[[ SUPPLIED MATERIAL open ]]

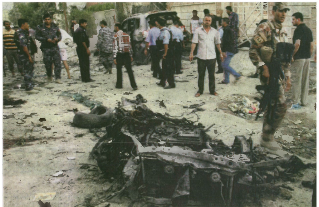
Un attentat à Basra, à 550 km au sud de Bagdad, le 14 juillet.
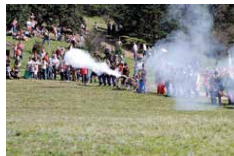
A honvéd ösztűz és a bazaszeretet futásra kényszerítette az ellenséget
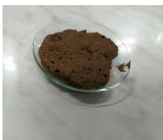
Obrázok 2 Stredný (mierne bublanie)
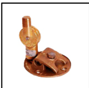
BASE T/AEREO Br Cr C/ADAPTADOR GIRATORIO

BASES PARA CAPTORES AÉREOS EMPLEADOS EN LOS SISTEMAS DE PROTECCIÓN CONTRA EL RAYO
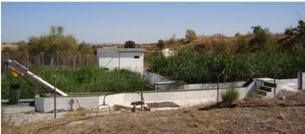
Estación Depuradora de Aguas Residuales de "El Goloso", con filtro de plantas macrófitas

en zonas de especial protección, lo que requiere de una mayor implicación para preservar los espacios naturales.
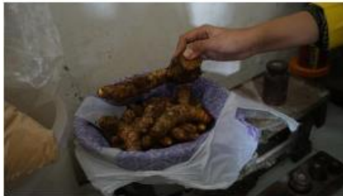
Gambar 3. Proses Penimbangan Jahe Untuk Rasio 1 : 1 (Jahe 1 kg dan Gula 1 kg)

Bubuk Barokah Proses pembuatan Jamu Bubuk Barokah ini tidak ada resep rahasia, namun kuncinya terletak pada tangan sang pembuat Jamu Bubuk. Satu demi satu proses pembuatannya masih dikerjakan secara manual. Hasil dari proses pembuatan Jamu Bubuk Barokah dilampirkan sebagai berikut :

[[ SUPPLIED MATERIAL closed ]]

WORK ITEM
Output the records above exactly, omitting the pictures.

FINAL ANSWER
Un attentat à Basra, à 550 km au sud de Bagdad, le 14 juillet.
A honvéd ösztűz és a bazaszeretet futásra kényszerítette az ellenséget
Obrázok 2 Stredný (mierne bublanie)
BASE T/AEREO Br Cr C/ADAPTADOR GIRATORIO

BASES PARA CAPTORES AÉREOS EMPLEADOS EN LOS SISTEMAS DE PROTECCIÓN CONTRA EL RAYO
Estación Depuradora de Aguas Residuales de "El Goloso", con filtro de plantas macrófitas

en zonas de especial protección, lo que requiere de una mayor implicación para preservar los espacios naturales.
Gambar 3. Proses Penimbangan Jahe Untuk Rasio 1 : 1 (Jahe 1 kg dan Gula 1 kg)

Bubuk Barokah Proses pembuatan Jamu Bubuk Barokah ini tidak ada resep rahasia, namun kuncinya terletak pada tangan sang pembuat Jamu Bubuk. Satu demi satu proses pembuatannya masih dikerjakan secara manual. Hasil dari proses pembuatan Jamu Bubuk Barokah dilampirkan sebagai berikut :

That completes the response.